Several factors--relatively low cost, high reliability and network-friendliness--make Linux a good choice for companies that need lots of servers to handle tasks such as delivering Web pages or funneling requests to a back-end database. Such tasks will get easier with the arrival of new products from Penguin Computing, SGI, IBM and Network Engines.

The announcements are the opening volleys of the LinuxWorld Conference and Expo that begins this week in New York. The conference has grown rapidly with the widespread adoption of Linux, a clone of the Unix operating system and a competitor to Microsoft's Windows NT.

Penguin, which is trying to be David to Sun Microsystems' Goliath, has licensed Resonate's software for keeping Internet information flowing smoothly from a collection of servers, said Mike Tar, product manager at Penguin. Resonate's software has been available for other operating systems, but Penguin is the first licensee of a new version of the software for Linux and will sell it packaged with its new "I-Node" rack-mountable servers.

Computer maker SGI has come up with a new thin server, the 3.5-inch thick, two-Pentium SGI Internet Server, said Greg Estes, general manager of SGI's Internet solutions division. The server will be packaged with a new software product, the ProPack 1.2, a collection of SGI customizations, optimizations, software and other improvements to Red Hat's version of Linux.

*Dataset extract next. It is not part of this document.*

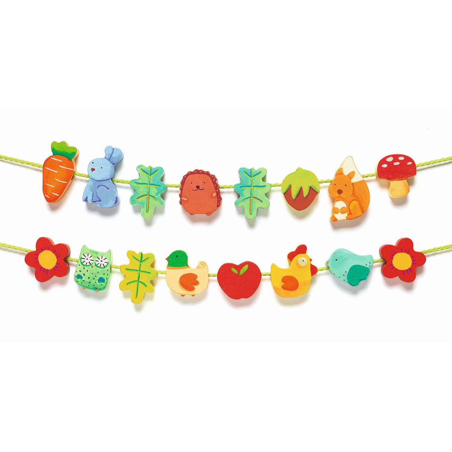 Mit den kunterbunten Lernspielzeug „Fädelkette Gartenspiel“ DJ06167 von Djeco entstehen wunderbare Kettern aus verschiedensten Motiven. Hier ist Kreativität, Fingerfertigkeit und Geduld gefragt.

Meanwhile, IBM, which sells a rare two-processor server only 1.75 inches thick, is busy building new rack-mountable servers and improving Linux so the operating system can take advantage of fancy features such as the ability to add new network cards or swap out defective memory while the system is still running, according to Alex Yost, manager of marketing for IBM's Netfinity server line.

Network Engines, the company from which IBM licensed that thin design, is pushing ahead with new servers of its own. The company has released thin server "appliances"--single-purpose machines--for several different types of Web page jobs. The different jobs range from delivering Web pages to administering collections of servers.

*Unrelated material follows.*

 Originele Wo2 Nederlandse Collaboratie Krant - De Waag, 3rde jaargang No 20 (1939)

Meanwhile, TurboLinux, a seller of the Linux operating system itself, is taking another approach. It announced a new software package called enFuzion that lets Linux and other computers on a network collectively act like a single powerful computer--a method similar to the Beowulf technology popular for Linux. EnFuzion, though, can tie together computers running Linux, Windows NT, or the various forms of Unix from SGI, Compaq, IBM, Sun and Hewlett-Packard. EnFuzion, which will be available March 1, is in use at JP Morgan, Rockefeller University and other sites, the company said.

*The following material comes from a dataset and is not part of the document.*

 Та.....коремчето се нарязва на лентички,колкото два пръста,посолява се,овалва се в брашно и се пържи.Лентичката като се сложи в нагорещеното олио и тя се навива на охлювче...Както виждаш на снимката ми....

SGI has embarked on an aggressive plan to embrace Linux for its new line of Intel-based servers and workstations, and it already has a strong presence in the scientific and technical community, which is interested in the sort of number-crunching tasks these gangs of computers are good at. However, SGI also wants to sell them to companies who want to analyze sales information or financial data.

To beef up its "Beowulf" offerings, SGI will begin selling its new Advanced Clustering Environment, Estes said. A 32-CPU collection of computers, complete with the management software that distributes jobs among the rest of the computers, will cost about $125,000, he said.

Penguin Computing's I-Node machines cost about $8,000 for a two-node system, but a full rack of more than 40 thin servers costs about $150,000, the company said.

Penguin Computing competes with publicly traded VA Linux Systems but considers its main rival Sun Microsystems, said chief executive Sam Ockman. Sun's success rests on its strategy in the 1980s of taking on more expensive but better established competitors, a technique Ockman now hopes to use against Sun itself, he said.

The company's best-selling products are its 3.5-inch, two-processor rack-mountable servers, he said.

The Resonate software used on the Penguin Computing I-Nodes lets a company automatically route different types of Web traffic to different servers, Tar said. For example, high-paying customers visiting a Web site could be routed to faster servers that handle complex iterations, whereas lower-priority customers with simpler transactions could be routed to lower-end boxes. HP has a similar software called WebQOS for ensuring the quality of service to important Web site visitors.